Kokoro

Kokoro 82M TTS

High quality 82M parameter TTS model. Excellent speech synthesis with multiple voice options. 86MB download.

0.082B parameterskokoroapache-2.00.58GB - 0.58GB VRAM

About This Model

Kokoro 82M TTS is a compact text-to-speech model designed to convert written text into natural-sounding speech. With just 82 million parameters, this model is remarkably lightweight yet delivers surprisingly high-quality audio outputs, making it an excellent choice for applications where resource constraints are a concern. The model is built on the Kokoro architecture and is licensed under the Apache 2.0 license, ensuring it is freely available for both personal and commercial projects. Despite its small size, Kokoro 82M TTS punches well above its weight in terms of performance, offering clear and intelligible speech that can be fine-tuned for various accents and intonations.

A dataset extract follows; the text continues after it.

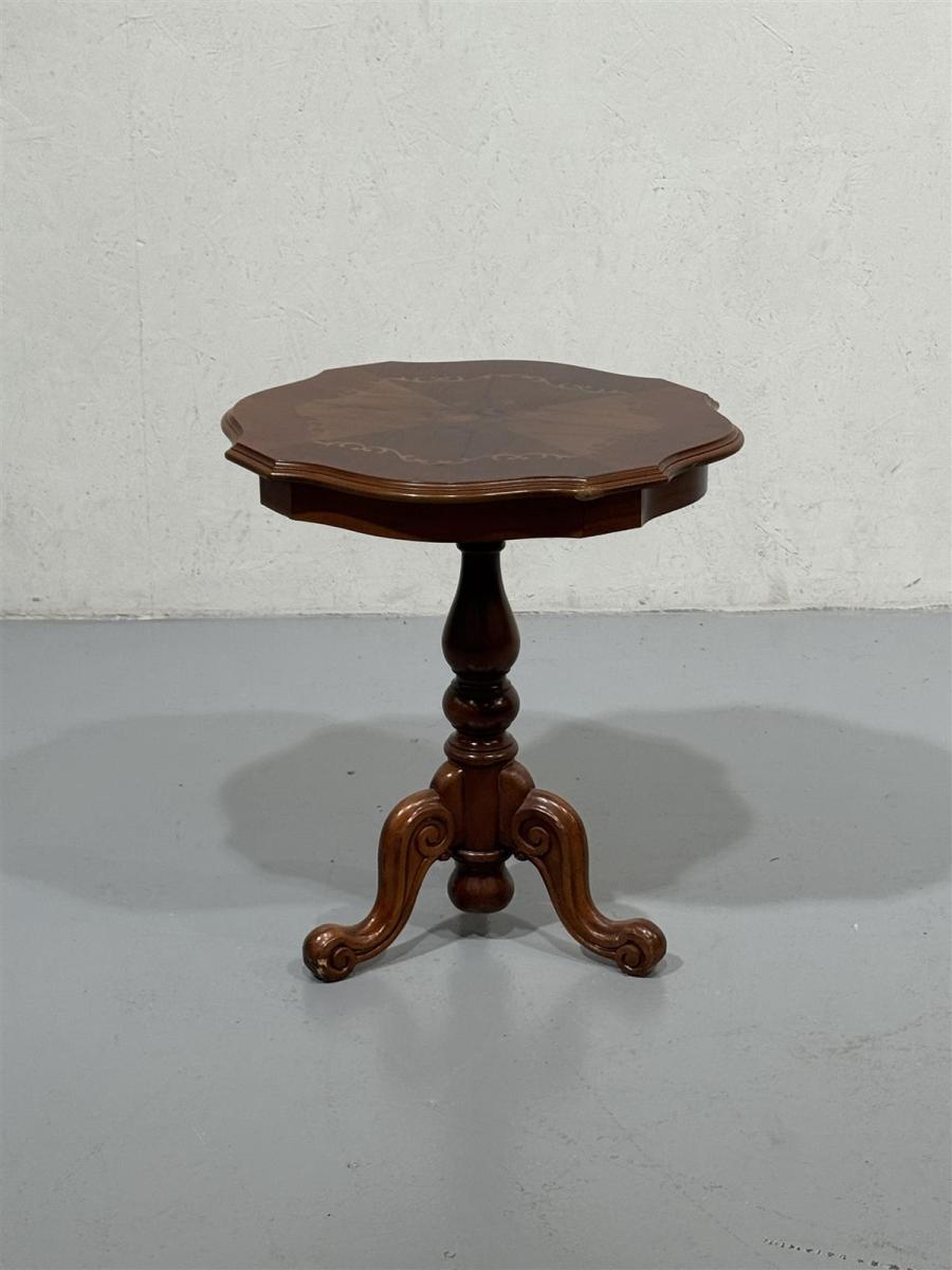 Pieni pyöreä sivupöytä, jossa on koristeellinen jalka ja kauniisti muotoiltu pöytälevy. Pöydän pinta on kiillotettu ja siinä on hienovaraisia koristekuvioita, jotka lisäävät sen viehättävyyttä.

In comparison to other models in its size class, Kokoro 82M TTS stands out for its efficiency and low memory footprint. It requires only 0.6 GB of VRAM, which means it can run smoothly on a wide range of devices, from low-end laptops to more powerful desktops. This makes it an ideal choice for developers and hobbyists who need a reliable TTS solution without the need for high-end hardware. The availability of ONNX-Q8F16 quantization further enhances its efficiency, reducing computational requirements while maintaining acceptable audio quality. Users looking for a balance between performance and resource usage, particularly in embedded systems or edge devices, will find Kokoro 82M TTS to be a valuable asset.

Check Your Hardware

See which quantizations of Kokoro 82M TTS your hardware can run.

Quantization Options

QuantizationBitsFile SizeVRAM NeededRAM NeededQuality
ONNX-Q8F1680.08 GB0.58 GB1.08 GB
95%

Frequently Asked Questions

How much VRAM do I need to run Kokoro 82M TTS?

Kokoro 82M TTS requires 0.58GB VRAM minimum with ONNX-Q8F16 quantization. For full precision, you need 0.58GB VRAM.

What is the best quantization for Kokoro 82M TTS?

Q4_K_M offers the best balance of quality and VRAM usage. Q8_0 is near-lossless if you have enough VRAM.